Customer: Hi, this is Celine. I can't get my diskette out.

Tech Support: Have you tried pushing the Button?

Customer: Sure! It's really stuck.

Tech Support: That doesn't sound good; I'll make a note.

Customer: No, wait a minute... I hadn't inserted it yet......

It's still on my desk... Sorry....

==================================

Tech Support: Click on the 'my computer' icon on the

left of the screen.

Customer: Your left or my left?

==================================

Tech Support: Good day. How may I help you?

Male Customer: Hello... I can't print.

Tech Support: Would you click on "start" for me and...

Customer: Listen pal; Don't start getting technical on me!

I'm not Bill Gates.

====================== ============= === ======

Customer: Hi, good afternoon, this is Martha, I can't print.

Every time I try, it says 'Can't find printer'. I've

even lifted the printer and placed it in front of

the monitor, but the computer still says he

can't find it...

===================================

Customer: I have problems printing in red...

Tech Support: Do you have a color printer?

Customer: Aaaah....................Thank You.

=============================================

Customer: My keyboard is not working anymore.

Tech Support: Are you sure it's plugged into the computer?

Customer: No. I can't get behind the computer.

Tech Support: Pick up your keyboard and walk 10 paces

back.

Customer: OK

Tech Support: Did the keyboard come with you?

Customer: Yes

Tech Support: That means the keyboard is not plugged in.

Is there another keyboard?

Customer: Yes, there's another one here.

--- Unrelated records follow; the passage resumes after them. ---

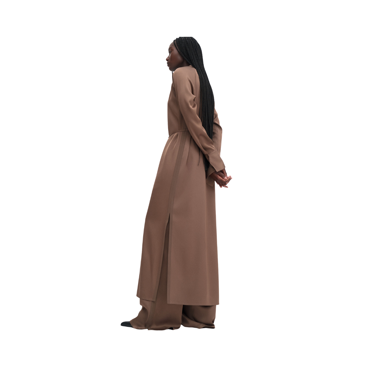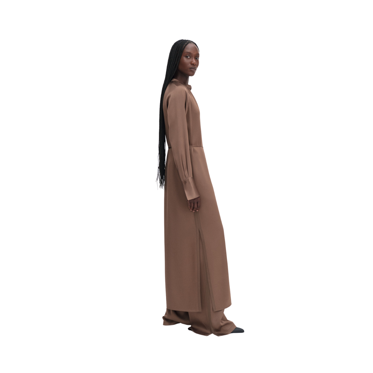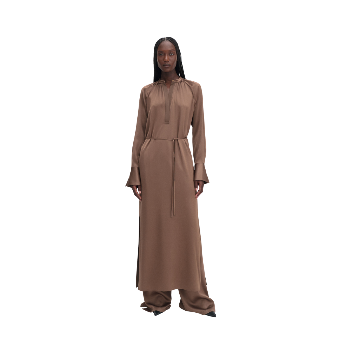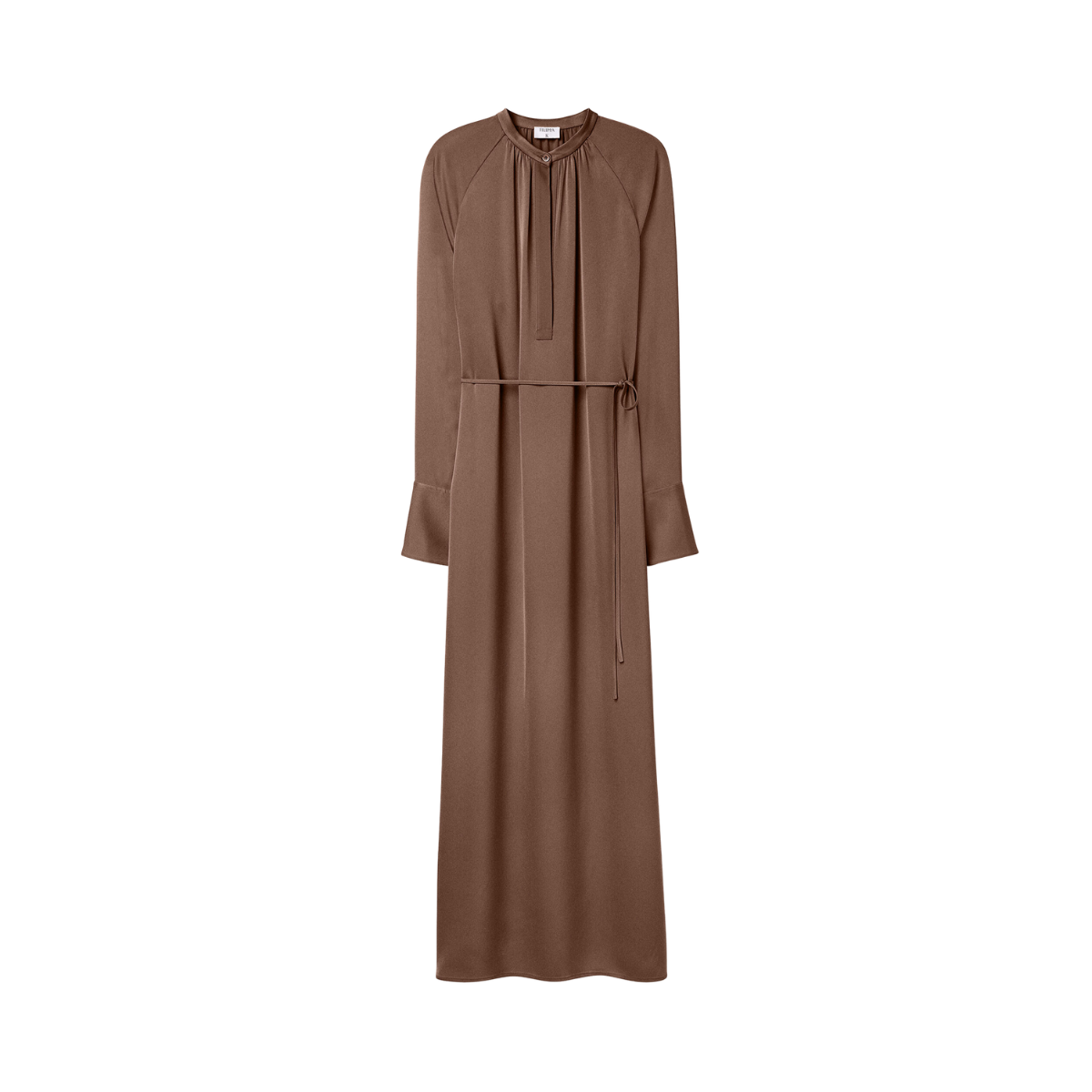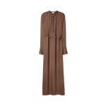 En maxiklänning med avslappnad passform tillverkad av en lätt och glansig draperad Naia™-acetatblandning. Designad med raglanärm, midjebälte och rynk vid ståkragen. Perfekt att bära med läderballerinas eller sandaler för en elegant, avslappnad look.
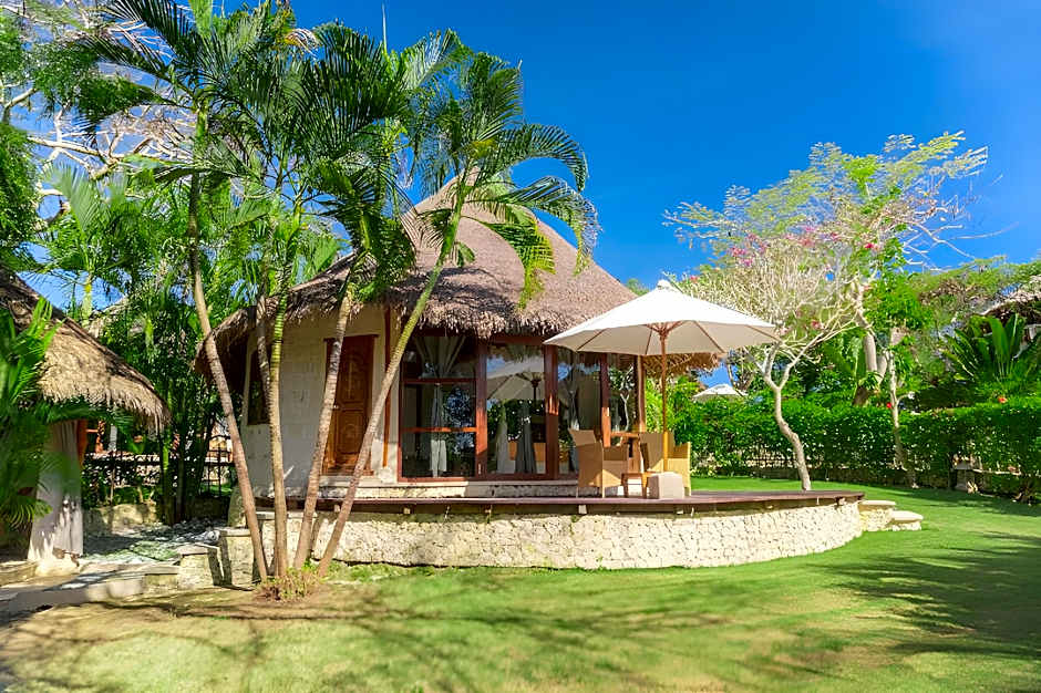 Ready for a sunlit escape, this Jimbaran hideaway invites travelers to lounge on the private beach, sip a drink at the bar, and drift between private pool moments and tropical garden views.
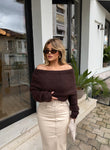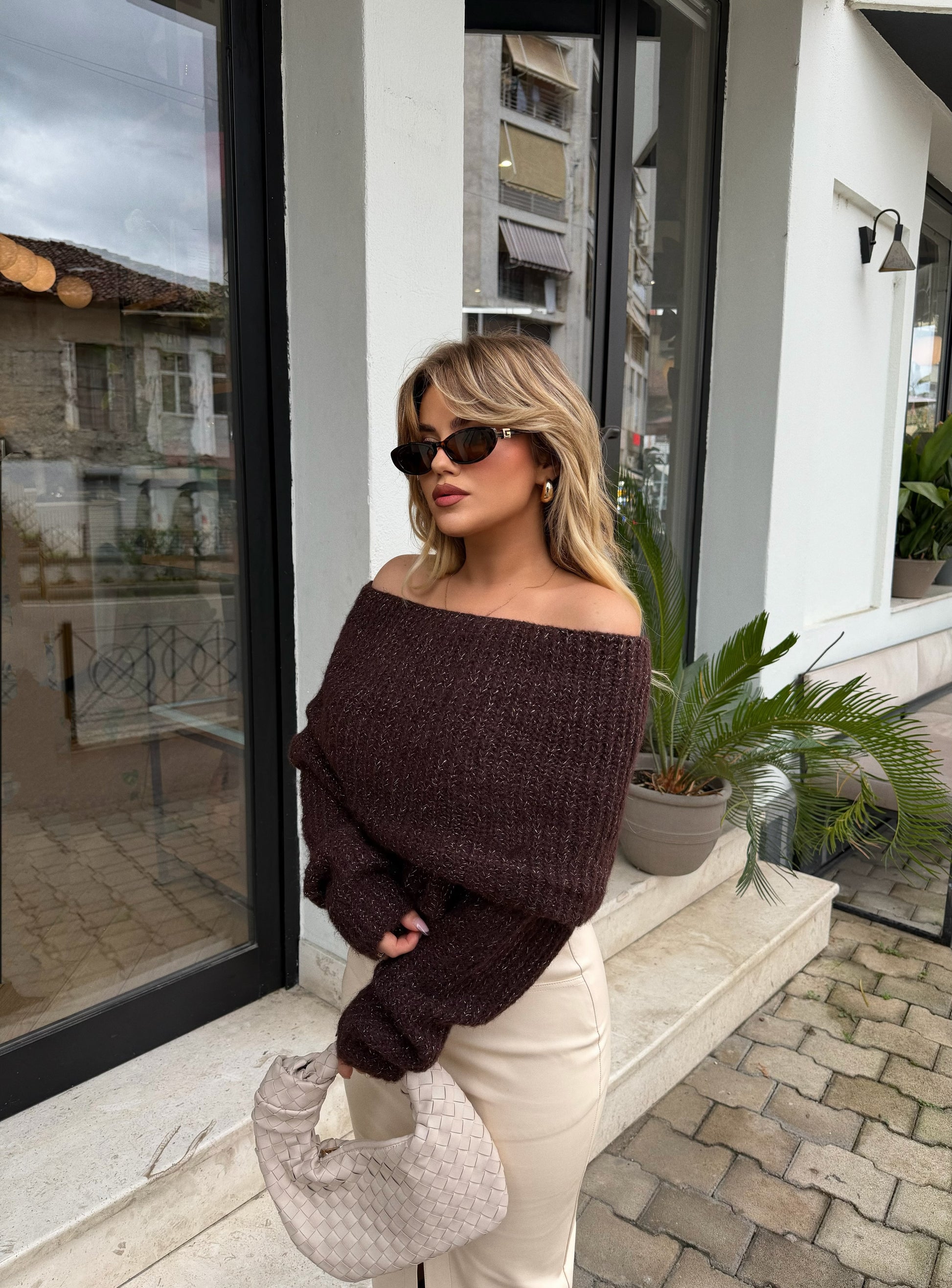 Pulover në ngjyrë kafe me supet jashtë, model modern dhe i rehatshëm, i përshtatshëm për veshje të përditshme dhe kombinime stilore.

Ah...that one

does work...

=============================================

Tech Support: Your password is the small letter "a" as in

apple, a capital letter V as in Victor, the

number 7.

Customer: Is that 7 in Capital Letters?

=============================================

Customer: I can't get on the Internet.

Tech Support: Are you sure you used the right password?

Customer: Yes, I'm sure. I saw my colleague do it.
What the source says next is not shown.